Projector screens come in all shapes and sizes, but you may not realize that they can vary in color, as well. Screens are available in shades ranging from bright white to very dark gray (sometimes marketed as “black”). Which color should you use?

Unfortunately, there isn’t a cut-and-dry, white-and-gray (or white-and-black) answer; it depends. Many variables including lighting, lighting control and image contrast will impact what color screen is best for you.

To fully unpack this issue, it’s important to understand how projectors work. Modern projectors start with a bright beam of light that is divided into its red, green and blue components. To project a red image on the screen, the red component of the image passes through while the blue and green are blocked. To project a purple image, the red and blue beams pass through while the green is blocked. To project a white image, all three colors can pass, and so on. Interestingly, when a black image is projected, all three components are blocked. Projectors can’t project black – they can only project nothing.

If you plan to use your projector in a room where total darkness is possible, it’s easy for the projector to project “nothing” to represent a black image because the room is black. There is no other illumination in the room to take away from that image. In this scenario, a white screen is your best bet.

To get the full benefits of a white screen, make sure there is no ambient light leaking in from windows. You should also have light control over both the overhead and other ambient lighting (table lamps, etc.). When used in a room with total darkness, a good white screen will reflect the projected image’s colors most accurately.
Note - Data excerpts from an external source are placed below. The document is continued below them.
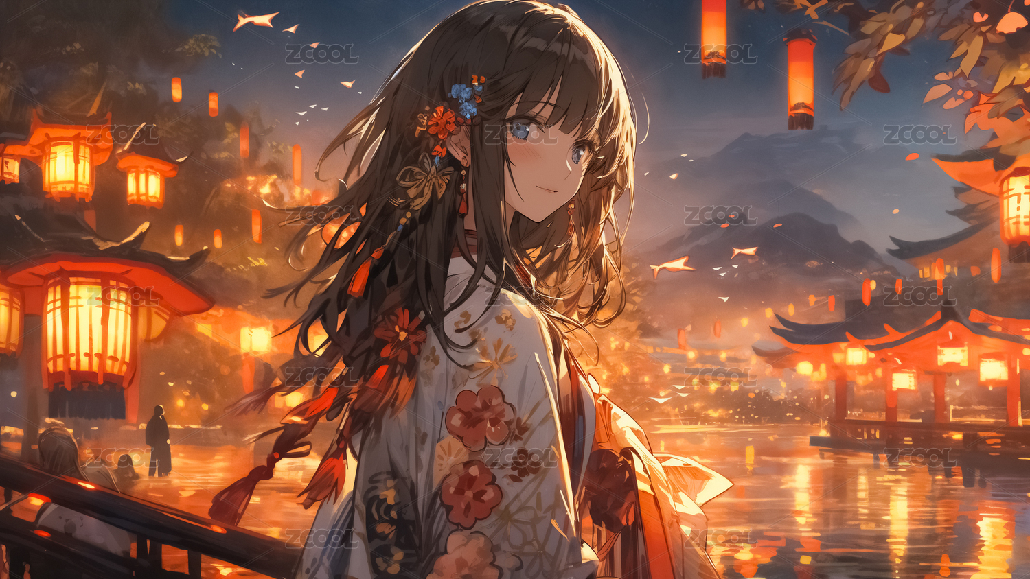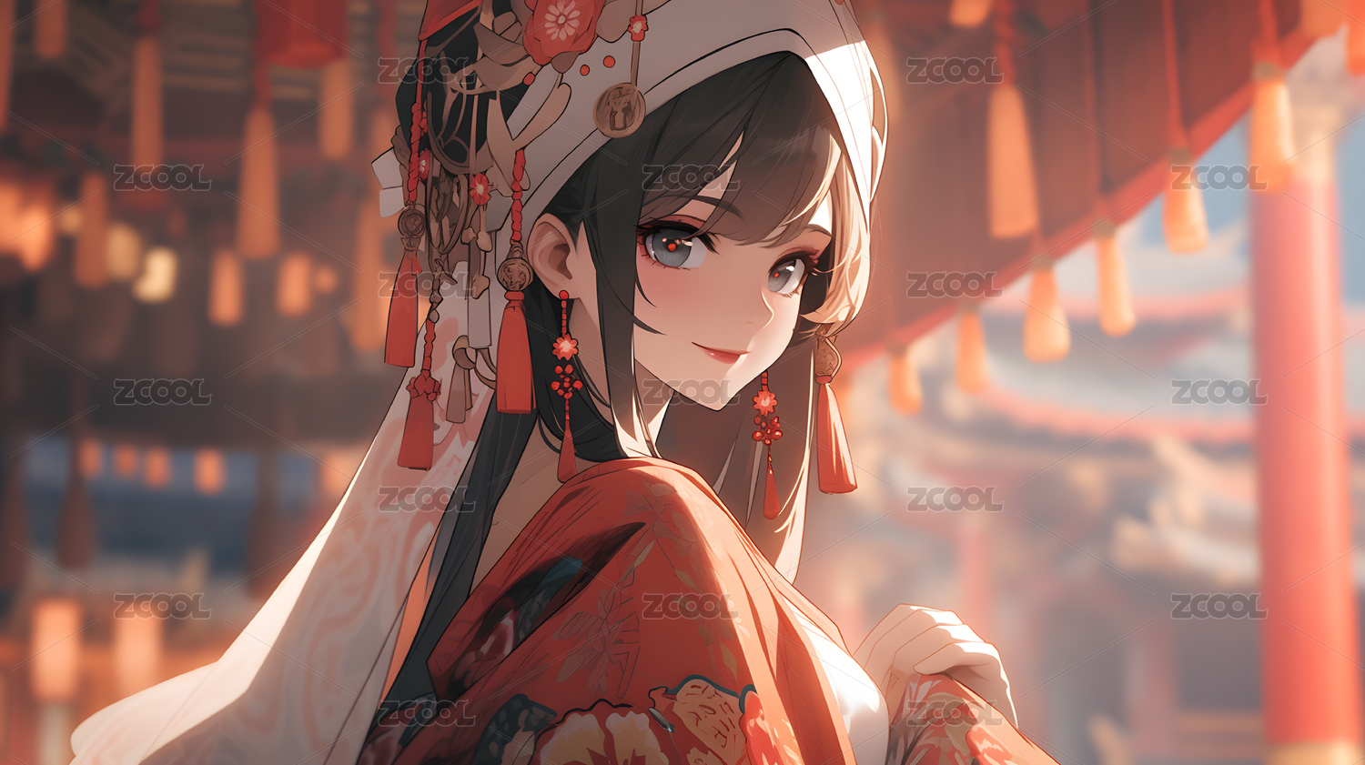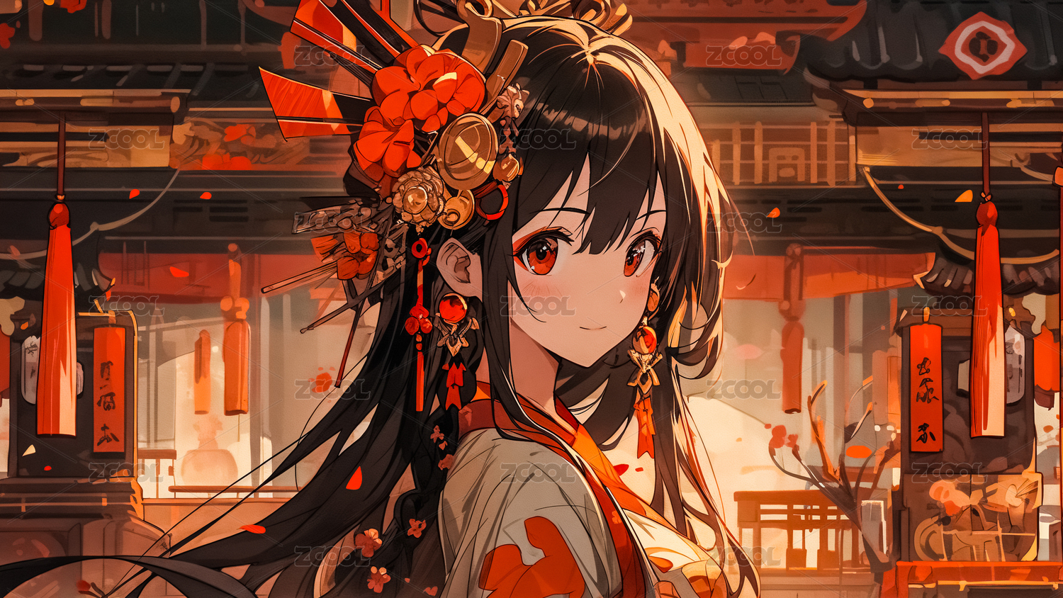 女性,人像,女孩,二次元,古风,人群,街道,屋檐,国风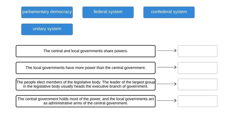 Unitary system: The central government holds most of the power, and the local governments act as administrative arms of the central government.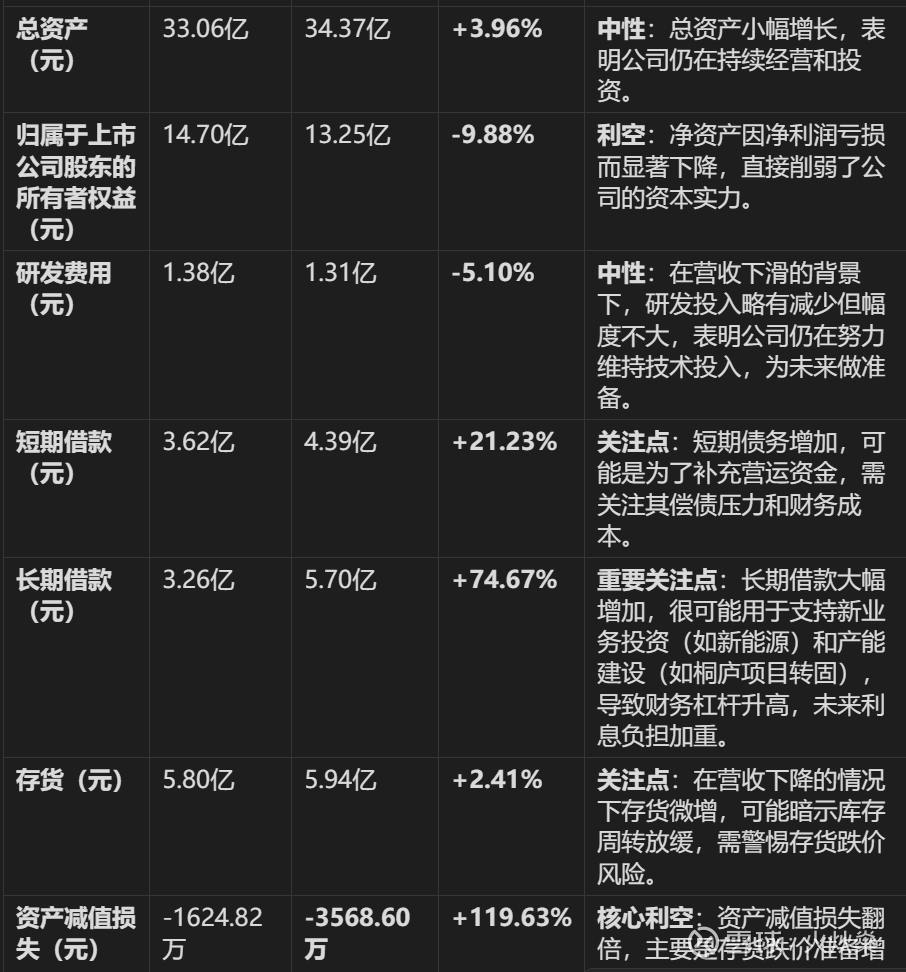 内部计提(次因):基于谨慎性原则,公司对可能无法收回的资产(主要是存货和应收账款)大幅计提了减值准备(资产减值损失大增),这虽然加剧了当期亏损,但也为未来业绩“洗了个澡”,减轻了包袱。

If total darkness is not possible in your space, you will notice that when black images are projected, you see the color of the screen, instead. All the parts of the image you’re trying to project as black or very dark will instead appear as some shade of gray and the image will look washed out.

Simulation of a Moderately Lit Environment on a White Screen

To combat this, many people choose to make the surface of their screen gray. When the screen is gray and there are sources of ambient light near the projected image, the black images will appear a bit closer to black than they would on a white screen. This also enables you to see more details between different shades of dark gray and black instead of those parts of the image looking solid gray.

Simulation of a Low Light Environment on a Gray Screen

Image contrast is another important variable to consider. Think about a movie like Batman, which is inherently low-contrast. Many scenes take place in dark areas where you’ll want to see the details in the darkness. In this scenario, it’s essential to use a gray screen to see every detail of the image. The darker the screen, the more detail you will see in low-contrast images. On the other hand, if you’re watching something with high-contrast, like a cartoon or sporting event, screen color won’t make a very big impact.

Before you decide which color is best for you, you should know that any surface that isn’t perfectly white, regardless of its application, will change the perceived color of your image. A gray screen is handy for adding contrast to dark areas, but it also adds a hint of gray to bright colors in your image. A brighter projector can combat the darkening of images on a gray screen, and often screens that are darker gray will have a bit of a sheen to keep the images bright.

Consider the area where you plan to use your projector. Is there a lot of ambient light? Can it be eliminated? Do you plan to watch low- or high-contrast movies and shows? No matter what your environment, you can easily enjoy projected images with the right color screen. Consider every variable to ensure that you choose the screen that will work best for you for many years to come.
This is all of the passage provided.